Apart from the images, the entire listing below must be restated word for word.
----------------------------------------
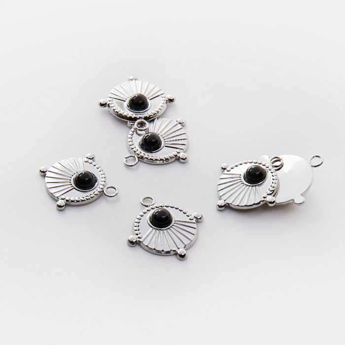 Zawieszka ze stali chirurgicznej kółko z wypustkami onyksem w kolorze srebrnym 17,5mm
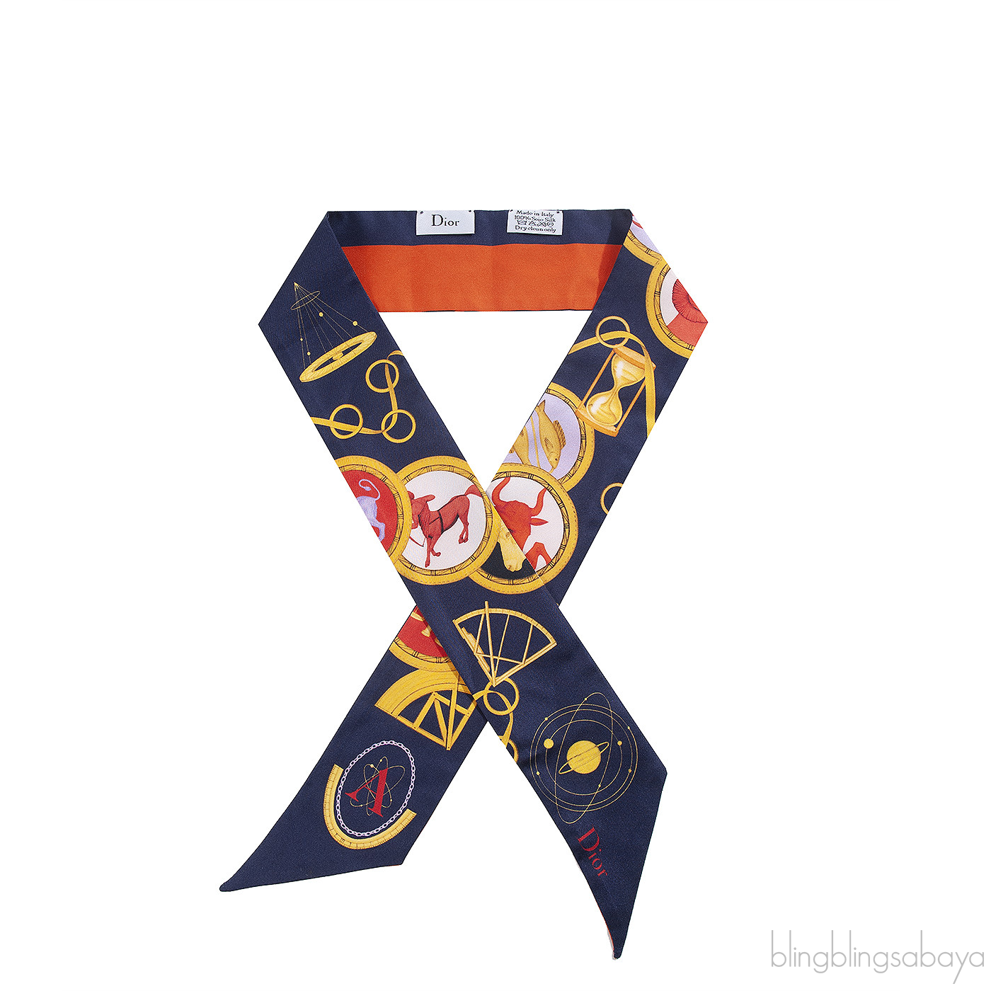 Christian Dior Silk Multicolor Zodiac Print Twilly
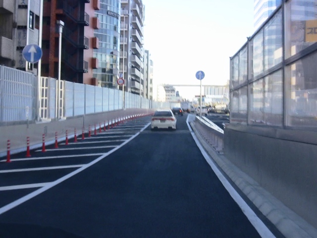 西新宿JCTの様子です。分岐した後は左カーブになりますが、完成している右側(大橋JCT方面)は2年後の開通となります。
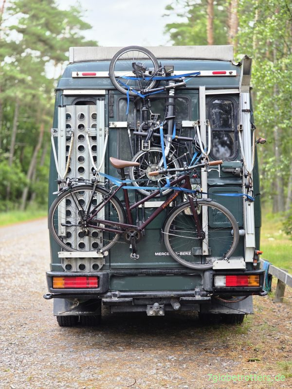 Das auch nicht gerade kleine Grabner Riverstar XXL liegt nebst 5 Kajaksitzen, Kajakpaddeln, Spritzdecken, Spritzschürzen und Rettungswesten sowie 2 Steueranlagen zwischen den Sitzbänken. Ist also insgesamt ziemlich eng. Eng geht es auch an meinem Dauerparkplatz zu, so dass ich die Fahrräder nicht bestimmungsgemäß senkrecht am Heckträger befestigen kann, sondern quer festtüdeln muss.
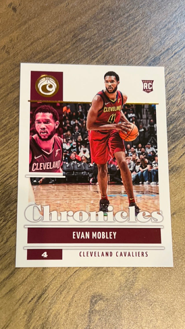 This 2021-22 Panini Chronicles rookie card of Evan Mobley is a premium collectible for Cleveland Cavaliers fans, showcasing a 2022 All-Rookie star and defensive anchor!
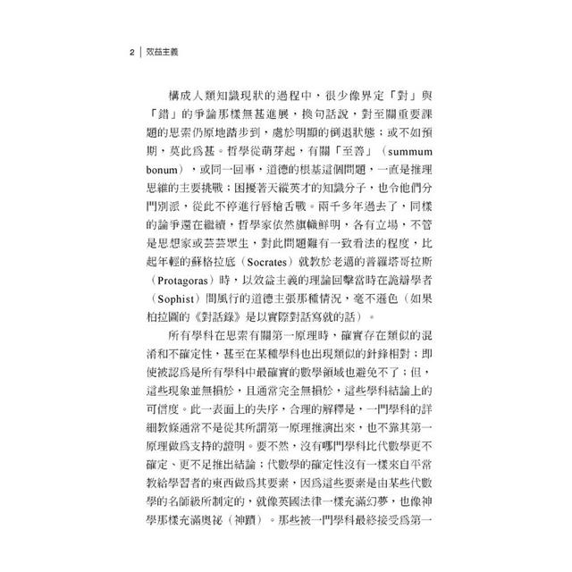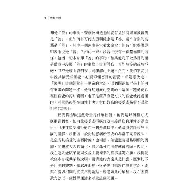 最後,說一下「Utilitarianism」的譯名,早期譯作「功利主義」是讀通其原義,並以中國已有的思想配之;因「明其道不計其功」及「計利當計天下利」,都指行事不能僅考量自身之名和利。只可惜民間視「功利」為「勢利」,僅顧一己之私而望文生義,易遭誤解,遂取「效益主義」以顯其計算之法,但若用「效益至上主義」或更能表達求人類最大幸福的精髓。「utility」譯作「效用」和「效益」均可,但以「原理」來說,重在需要而有用,而非只算好與壞的利弊,所以採「效用原理」。「expediency」譯作「權宜」,在民間觀念上以「便宜行事」為主;但若以「春秋大義」而言,是指有條件(即特殊情況下),犧牲一己之私,為眾生除害或謀福利,而從事平常不做的行為,與「效益主義」所標榜的相符,是「可以適道,未可與立;可與立,未可以權」的「權」,也是「微管仲,吾其披髮左衽矣。」的道德標準;用「宜」而不用「謀」,是「正其宜(誼)不謀其利」的「宜」,「宜」者,「義」也,亦符小彌爾的思路。
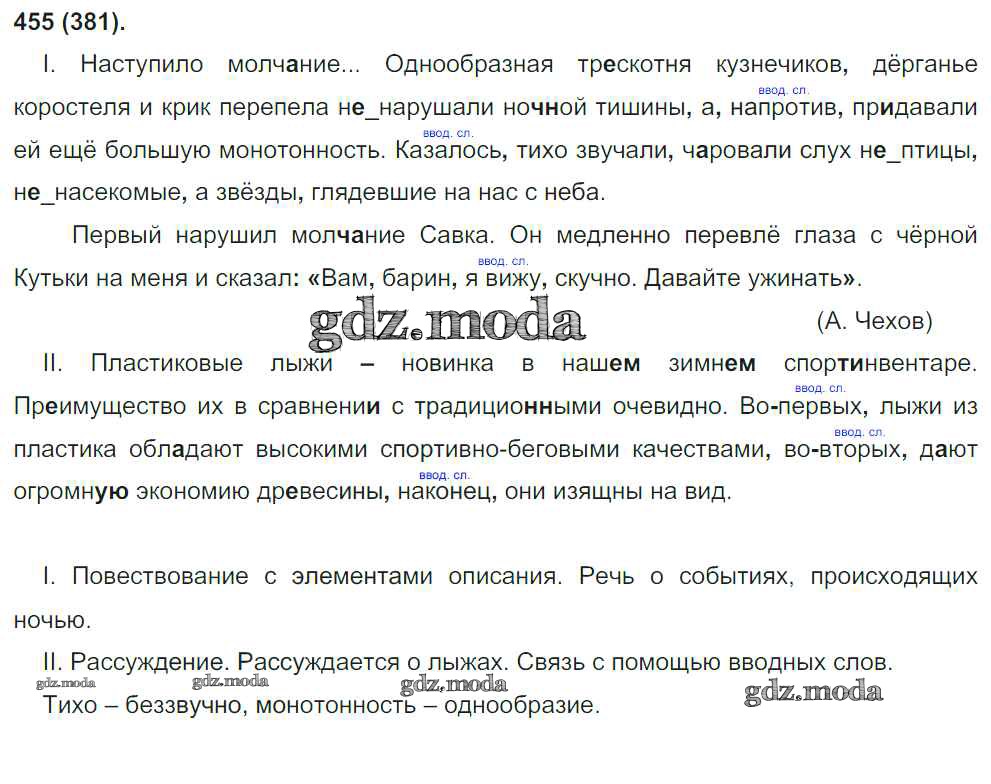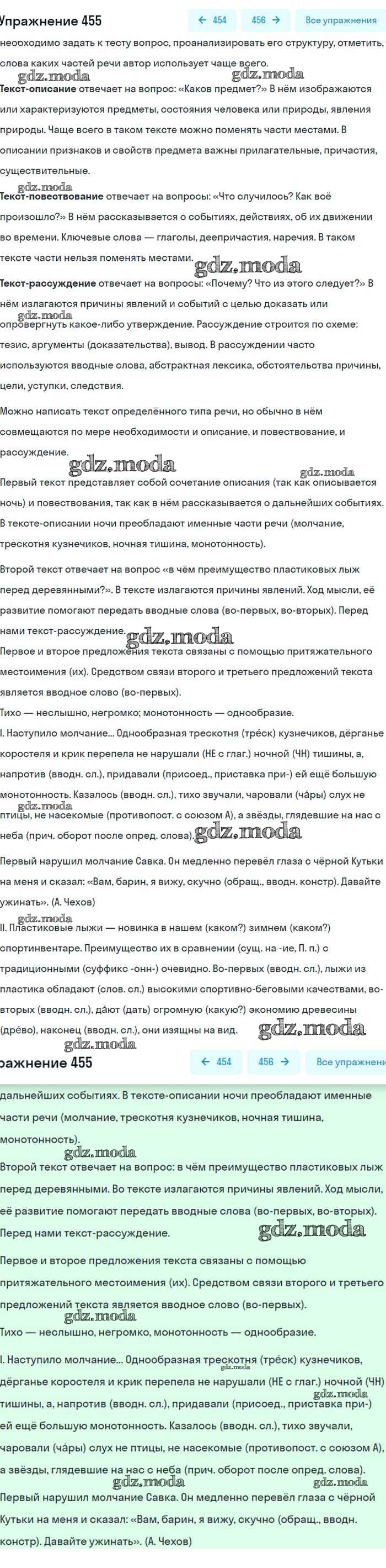 ОТВЕТ на задание № 455 Учебник по Русскому языку 8 класс Бархударов
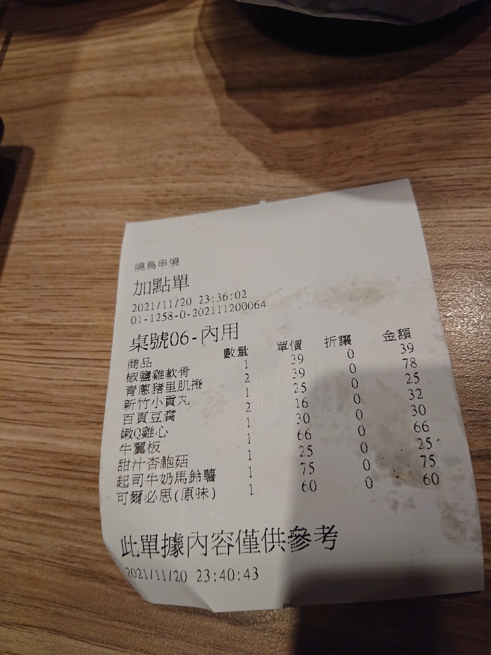 可惜了,烤的串燒偏乾扁 沒有之前那麼好吃了。
----------------------------------------
- [EXERCISE RESULT]:
 Zawieszka ze stali chirurgicznej kółko z wypustkami onyksem w kolorze srebrnym 17,5mm
 Christian Dior Silk Multicolor Zodiac Print Twilly
 西新宿JCTの様子です。分岐した後は左カーブになりますが、完成している右側(大橋JCT方面)は2年後の開通となります。
 Das auch nicht gerade kleine Grabner Riverstar XXL liegt nebst 5 Kajaksitzen, Kajakpaddeln, Spritzdecken, Spritzschürzen und Rettungswesten sowie 2 Steueranlagen zwischen den Sitzbänken. Ist also insgesamt ziemlich eng. Eng geht es auch an meinem Dauerparkplatz zu, so dass ich die Fahrräder nicht bestimmungsgemäß senkrecht am Heckträger befestigen kann, sondern quer festtüdeln muss.
 This 2021-22 Panini Chronicles rookie card of Evan Mobley is a premium collectible for Cleveland Cavaliers fans, showcasing a 2022 All-Rookie star and defensive anchor!
 最後,說一下「Utilitarianism」的譯名,早期譯作「功利主義」是讀通其原義,並以中國已有的思想配之;因「明其道不計其功」及「計利當計天下利」,都指行事不能僅考量自身之名和利。只可惜民間視「功利」為「勢利」,僅顧一己之私而望文生義,易遭誤解,遂取「效益主義」以顯其計算之法,但若用「效益至上主義」或更能表達求人類最大幸福的精髓。「utility」譯作「效用」和「效益」均可,但以「原理」來說,重在需要而有用,而非只算好與壞的利弊,所以採「效用原理」。「expediency」譯作「權宜」,在民間觀念上以「便宜行事」為主;但若以「春秋大義」而言,是指有條件(即特殊情況下),犧牲一己之私,為眾生除害或謀福利,而從事平常不做的行為,與「效益主義」所標榜的相符,是「可以適道,未可與立;可與立,未可以權」的「權」,也是「微管仲,吾其披髮左衽矣。」的道德標準;用「宜」而不用「謀」,是「正其宜(誼)不謀其利」的「宜」,「宜」者,「義」也,亦符小彌爾的思路。
 ОТВЕТ на задание № 455 Учебник по Русскому языку 8 класс Бархударов
 可惜了,烤的串燒偏乾扁 沒有之前那麼好吃了。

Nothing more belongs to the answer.